=== DATA SUPPLIED ===

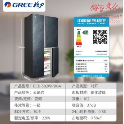 格力(GREE) 晶弘502升对开门冰箱 一级能效变频 -33℃深冻宽幅变温双开四开多门电冰箱 BCD-502WPDGA/云岫岩SKU:yzwhyp867811
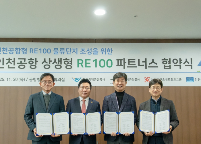[뉴스노크=김인호 기자] 인천국제공항공사는 20일 오전 공항청사 회의실에서 물류단지 입주기업 3개社와 함께 ‘상생형 RE100 파트너스 업무협약(MOU)’을 체결했다고 밝혔다.
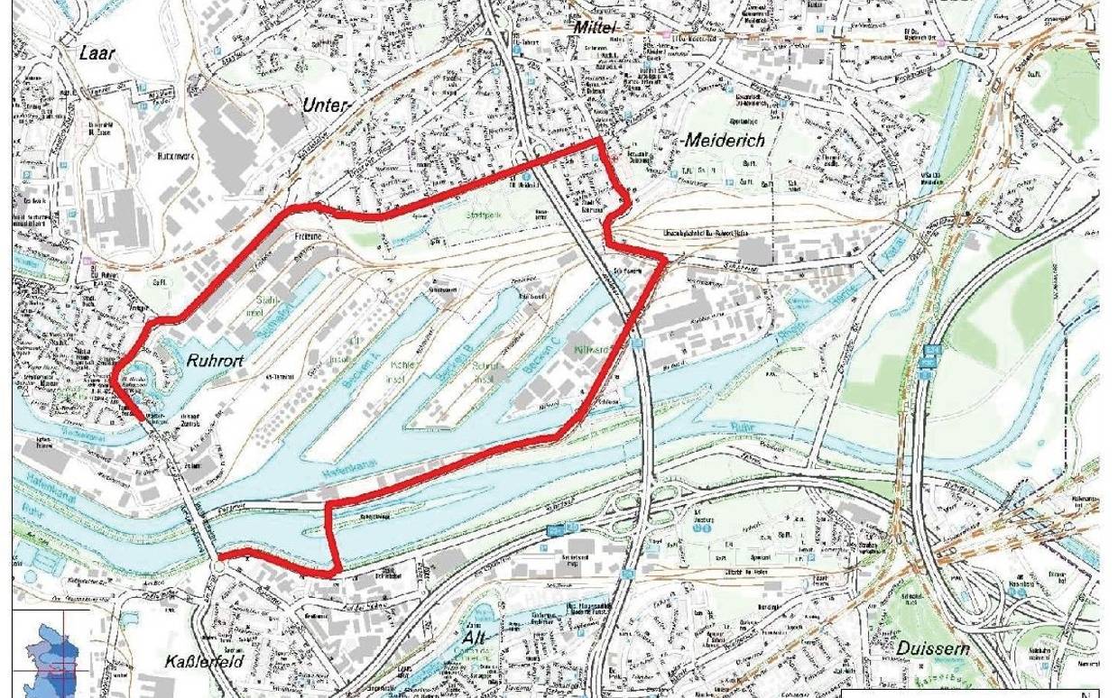 Über Ruhrdeich, Emmericher Straße, Westender Straße, Bahnhofstraße, Bürgermeister-Pütz-Straße, Am Nordhafen
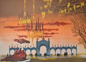 BOGAERT (Gaston). Sans titre. Lithographie originale en couleurs tirée sur vélin d'Arches, just. 111/145 et signée au crayon. Dim. support : 56,5 x 77 cm ; sujet : 50 x 65 cm (lég. insolé).
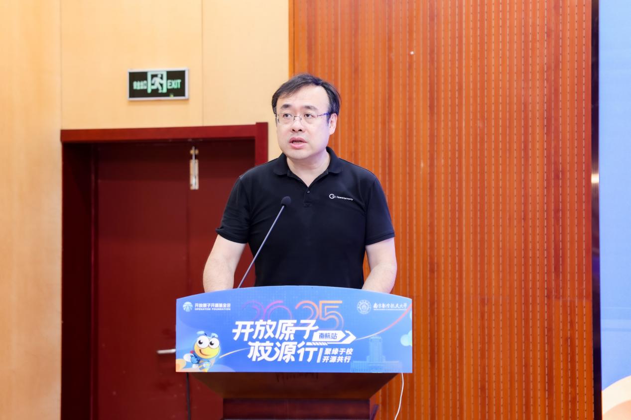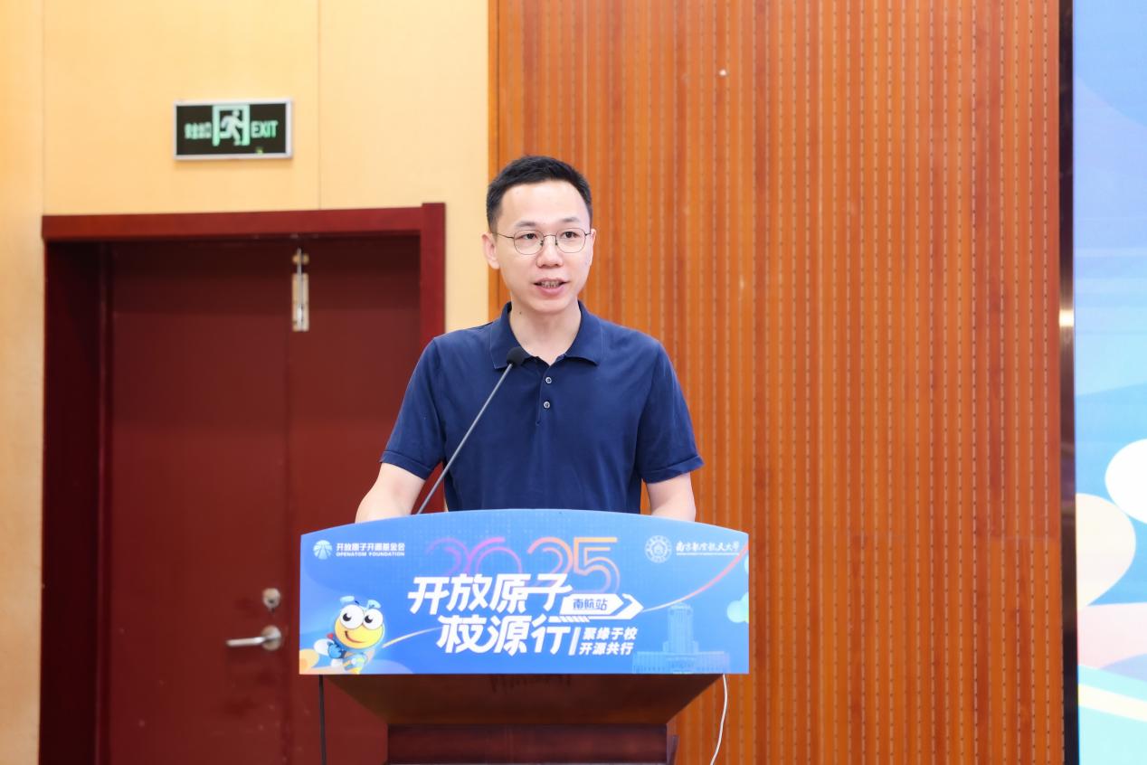 計(jì)算機(jī)學(xué)院院長(zhǎng)黃圣君致歡迎辭,對(duì)支持本次活動(dòng)的專家表示感謝。他提到,開源成為培育未來(lái)科技精英的重要驅(qū)動(dòng)力,希望同學(xué)們保持好奇,不斷嘗試,與全球開發(fā)者共同攻克技術(shù)難題,用代碼改變世界,在服務(wù)國(guó)家戰(zhàn)略中實(shí)現(xiàn)人生價(jià)值。通過(guò)此次校源行活動(dòng),學(xué)院將不斷探索開源育人模式,厚培開源教育底座,助力提升軟件科技源頭創(chuàng)新和軟件技術(shù)供給能力。
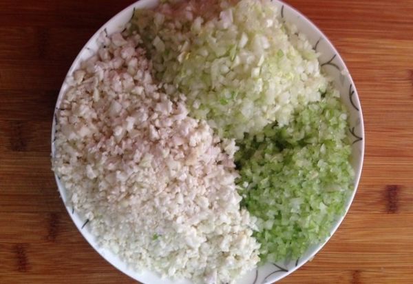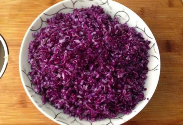 紫甘兰切碎,越碎越好,如果用机器打碎更方便了。我是完全用刀一下下剁出来的。
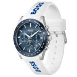 ساعة هوغو بوس Hugo Boss للرجال (أصلية) موديل 1514238 لون أزرق و استيك سيليكون مطاط لون أبيض.

===

TO DO:
Please reproduce only the lines from the one holding "計(jì)算機(jī)學(x" through the final line of the listing above, both included, with each picture left out.

EXPECTED ANSWER:
 計(jì)算機(jī)學(xué)院院長(zhǎng)黃圣君致歡迎辭,對(duì)支持本次活動(dòng)的專家表示感謝。他提到,開源成為培育未來(lái)科技精英的重要驅(qū)動(dòng)力,希望同學(xué)們保持好奇,不斷嘗試,與全球開發(fā)者共同攻克技術(shù)難題,用代碼改變世界,在服務(wù)國(guó)家戰(zhàn)略中實(shí)現(xiàn)人生價(jià)值。通過(guò)此次校源行活動(dòng),學(xué)院將不斷探索開源育人模式,厚培開源教育底座,助力提升軟件科技源頭創(chuàng)新和軟件技術(shù)供給能力。
 紫甘兰切碎,越碎越好,如果用机器打碎更方便了。我是完全用刀一下下剁出来的。
 ساعة هوغو بوس Hugo Boss للرجال (أصلية) موديل 1514238 لون أزرق و استيك سيليكون مطاط لون أبيض.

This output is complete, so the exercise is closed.